In addition, there is another way to represent copy number variation
in specific SNP genotypes, for example,
allowing A, AAB or AABB genotypes (being
copy number 1,3 and 4 respectively) as well as the
canonical AA, AB and BB genotypes. These
formats are specified via the "generic variant" (--gfile)
option.
Here we assume that some other software package such as
the Birdsuite
package has previously been used to make calls for either specific
copy-number variable genotypes or to identify particular genomic
regions in individuals that are deletions or duplications, based on
the raw data. That is, PLINK only offers functions for downstream
analysis of CNV data, not for identifying CNVs in the first place,
i.e. similar to the distinction between SNP genotype calling versus
the subsequent analysis of those calls.
Note that in both of these modes, PLINK bypasses the usual
procedure of reading in SNP genotype data. You are advised not to
specify commands that normally apply to basic SNP data when using
either of these two approaches (i.e. either --cnv-list
or --gfile).
Basic support for segmental CNV data
The basic command for reading a list of segmental CNV variants is
plink --cnv-list mydata.cnv
where the file mydata.cnv has the format
FID Family ID
IID Individual ID
CHR Chromosome
BP1 Start position (base-pair)
BP2 End position (base-pair)
TYPE Type of variant, e.g. 0,1 or 3,4 copies
SCORE Confidence score associated with variant
SITES Number of probes in the variant
Having a header row is optional; if the first line starts with FID
it will be ignored.
Note The SCORE and SITES values
are not used in any direct way, except potentially as variates to filter
segments on, as described below. That is, the values of these do not
fundamentally impact the way analysis is performed by PLINK
itself (they might alter the meaning of the results of course, e.g. if
including low-confidence calls into the analysis!). In other words, if
whatever software was used to generate the CNV calls does not supply
some conceptually similar values, it is okay to simply put dummy codes
(e.g. all 0) in these two fields.
The first few lines of a small example file is shown here:
FID IID CHR BP1 BP2 TYPE SCORE SITE
P1 P1 4 71338469 71459318 1 27 0
P1 P1 5 31250352 32213542 1 34.2 0
P1 P1 7 53205351 53481230 3 18.2 0
P2 P2 11 86736484 87074601 1 22 0
P2 P2 14 47817280 47930190 4 55.1 0
...
Initial creaton of a MAP file
Prior to any analysis, a dummy MAP first needs to be created (this
step only needs to be performed once per CNV file). This
PLINK-generated MAP file has dummy entries that correspond to the
start and stop sites of all segments. This facilitates subsequent
parsing and analysis of CNV data by PLINK.
The --cnv-make-map command is used as follows:
plink --cnv-list mydata.cnv --cnv-make-map
which creates a file
plink.cnv.map
which will look just like a standard MAP file but with
dummy markers:
1 p1-51593 0 51593
1 p1-51598 0 51598
1 p1-51666 0 51666
1 p1-52282 0 52282
1 p1-69061 0 69061
...
where the marker names start with the p prefix and contain
chromosome and base-position information.

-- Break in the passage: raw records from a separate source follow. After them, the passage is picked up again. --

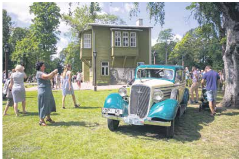
Muzeja apkārtnē senatnīgu noskaņu radīja retroautomobiļu ierašanās.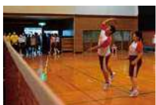
男女混合ペアバドミントン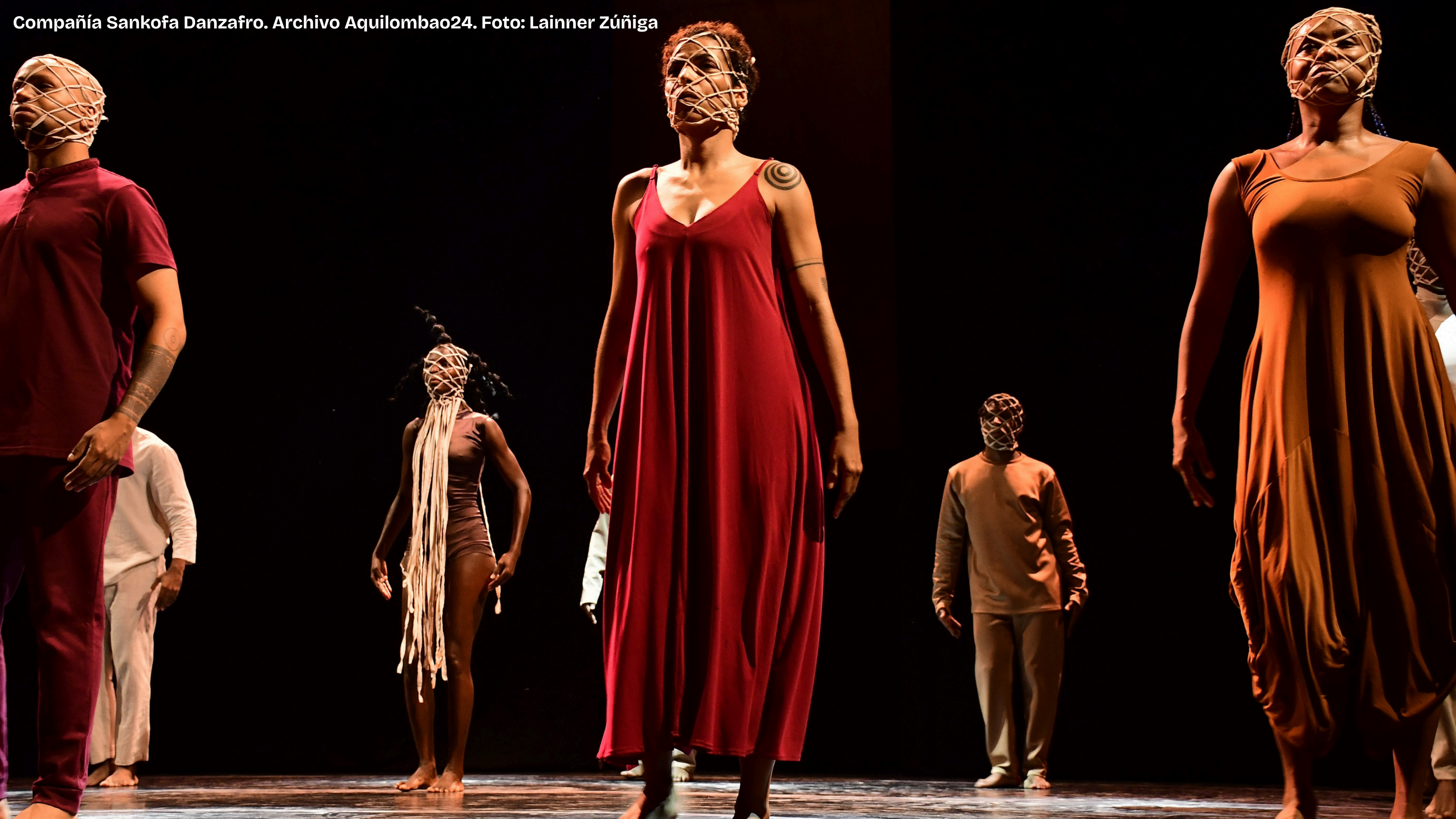
Compañía Sankofa Danzafró.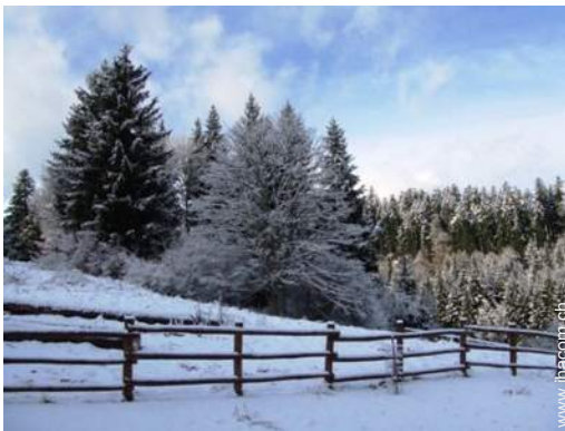
Blick auf Wald

As an (unrealistic) example to illustrate how the mapping works,
consider the following, with 3 segments, spanning "positions" 1 to 8,
4 to 12 and 16 to 23. In this case, 6 unqiue map positions would be
created, the three start positions and the three stop positions.
Base 1111111111222222
Position 1234567890123456789012345
Marker # 1..2...3...4...5......6..
| | | | | |
| | |
Segments *------* | |
*-------*
*------*
The new MAP file would then be
1 p1-1 0 1
1 p1-4 0 4
1 p1-8 0 8
1 p1-12 0 12
1 p1-16 0 16
1 p1-23 0 23
Given such a MAP file, these three segments would then be perfectly
mapped to the corresponding markers (p1-1 to p1-8,
p1-4 to p1-12 and p1-16
to p1-23). The created MAP file is then specified in
subsequent segmental CNV analyses (using --cnv-list) with the
standard --map command (or --cfile command).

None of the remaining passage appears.